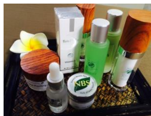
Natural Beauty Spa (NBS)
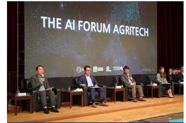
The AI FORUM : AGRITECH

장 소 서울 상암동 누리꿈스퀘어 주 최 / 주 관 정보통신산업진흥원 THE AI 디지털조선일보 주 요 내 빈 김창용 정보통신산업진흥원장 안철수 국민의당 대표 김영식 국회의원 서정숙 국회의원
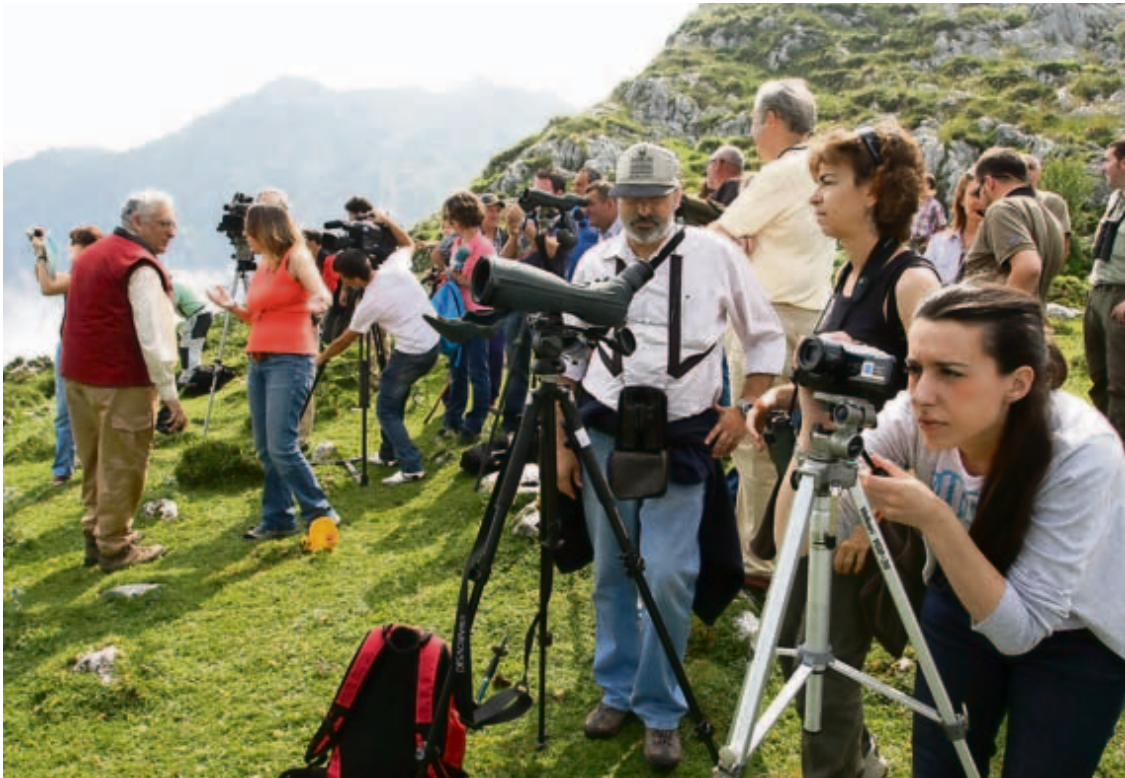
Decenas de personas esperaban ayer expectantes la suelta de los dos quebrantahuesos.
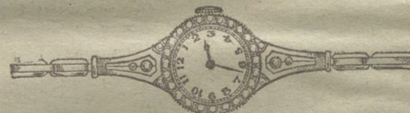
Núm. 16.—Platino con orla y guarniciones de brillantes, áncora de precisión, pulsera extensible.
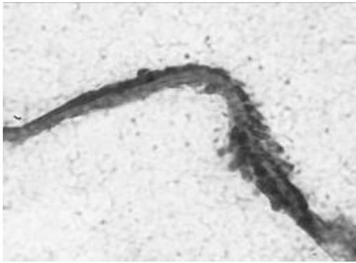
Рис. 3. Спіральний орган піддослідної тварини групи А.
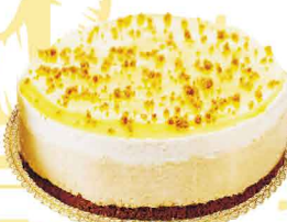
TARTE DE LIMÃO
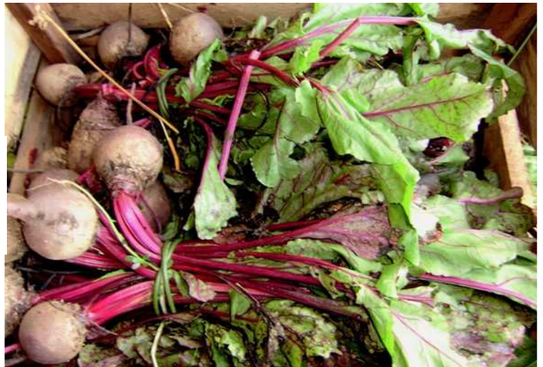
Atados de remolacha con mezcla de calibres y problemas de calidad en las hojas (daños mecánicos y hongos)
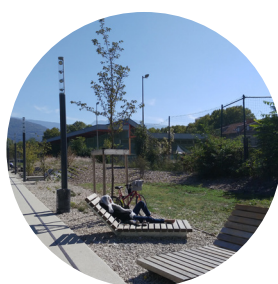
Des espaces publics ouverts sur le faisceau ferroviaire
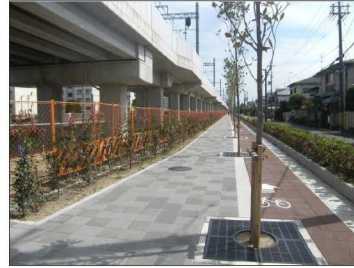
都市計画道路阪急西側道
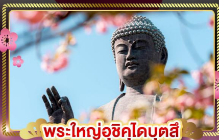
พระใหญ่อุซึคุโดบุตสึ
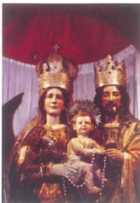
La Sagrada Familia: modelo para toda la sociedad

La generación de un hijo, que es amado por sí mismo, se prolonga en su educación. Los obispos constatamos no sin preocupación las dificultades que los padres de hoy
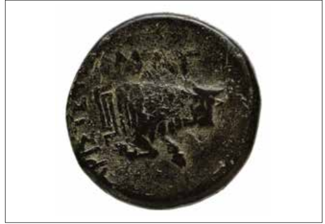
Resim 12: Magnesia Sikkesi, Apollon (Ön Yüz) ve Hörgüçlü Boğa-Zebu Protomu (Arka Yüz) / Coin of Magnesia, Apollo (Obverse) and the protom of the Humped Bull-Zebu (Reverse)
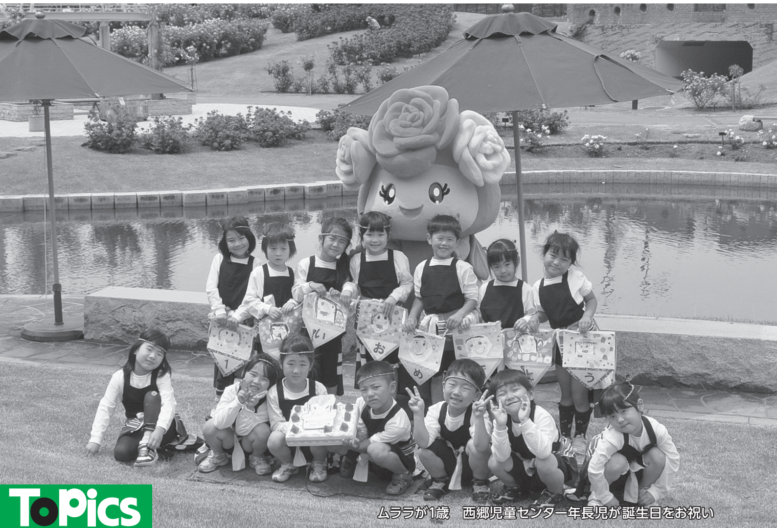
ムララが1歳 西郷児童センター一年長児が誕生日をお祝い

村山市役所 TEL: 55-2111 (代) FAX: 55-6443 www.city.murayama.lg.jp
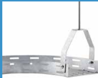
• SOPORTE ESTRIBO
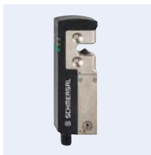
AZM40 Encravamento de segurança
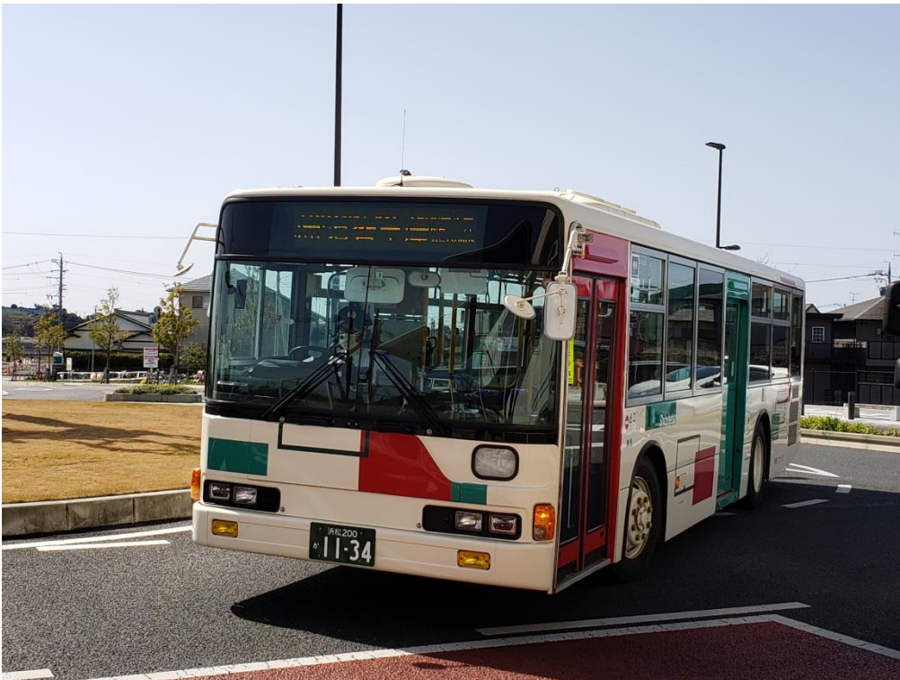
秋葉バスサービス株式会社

◆ ◆ ◆

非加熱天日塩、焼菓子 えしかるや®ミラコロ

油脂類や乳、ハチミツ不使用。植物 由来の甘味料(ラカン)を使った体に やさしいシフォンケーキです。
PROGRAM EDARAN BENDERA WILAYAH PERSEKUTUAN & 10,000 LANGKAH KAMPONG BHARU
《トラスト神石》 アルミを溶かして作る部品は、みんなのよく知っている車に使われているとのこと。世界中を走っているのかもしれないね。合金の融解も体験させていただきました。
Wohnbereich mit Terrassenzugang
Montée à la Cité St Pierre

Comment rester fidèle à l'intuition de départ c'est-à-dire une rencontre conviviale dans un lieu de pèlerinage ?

◆ ◆ ◆

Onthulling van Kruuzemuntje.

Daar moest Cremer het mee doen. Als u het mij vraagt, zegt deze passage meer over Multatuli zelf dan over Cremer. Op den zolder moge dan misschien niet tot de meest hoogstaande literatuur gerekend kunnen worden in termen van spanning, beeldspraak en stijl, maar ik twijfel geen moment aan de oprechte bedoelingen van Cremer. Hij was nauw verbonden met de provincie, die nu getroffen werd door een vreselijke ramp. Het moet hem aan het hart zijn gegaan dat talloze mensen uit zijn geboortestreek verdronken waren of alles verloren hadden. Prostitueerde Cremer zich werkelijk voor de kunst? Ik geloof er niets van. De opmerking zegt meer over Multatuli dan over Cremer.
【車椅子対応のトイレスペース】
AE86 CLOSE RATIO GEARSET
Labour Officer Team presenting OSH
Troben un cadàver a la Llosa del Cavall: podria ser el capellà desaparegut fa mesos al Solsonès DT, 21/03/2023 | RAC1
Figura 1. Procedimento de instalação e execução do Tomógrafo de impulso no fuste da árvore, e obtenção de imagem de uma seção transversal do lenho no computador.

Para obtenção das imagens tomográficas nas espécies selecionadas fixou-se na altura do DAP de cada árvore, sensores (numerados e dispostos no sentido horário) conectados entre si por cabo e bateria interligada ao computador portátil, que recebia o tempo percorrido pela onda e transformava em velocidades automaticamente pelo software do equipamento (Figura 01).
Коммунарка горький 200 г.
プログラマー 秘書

◆ ◆ ◆

[What the task asks]
Above are the records. Copy word for word only their lines from the one holding "ムララが1歳 西郷児童センター一年長児が誕生日をお祝い" through the one holding "秋葉バスサービス株式会社", both included, and skip the images.

[Output of the task]
ムララが1歳 西郷児童センター一年長児が誕生日をお祝い

村山市役所 TEL: 55-2111 (代) FAX: 55-6443 www.city.murayama.lg.jp
• SOPORTE ESTRIBO
AZM40 Encravamento de segurança
秋葉バスサービス株式会社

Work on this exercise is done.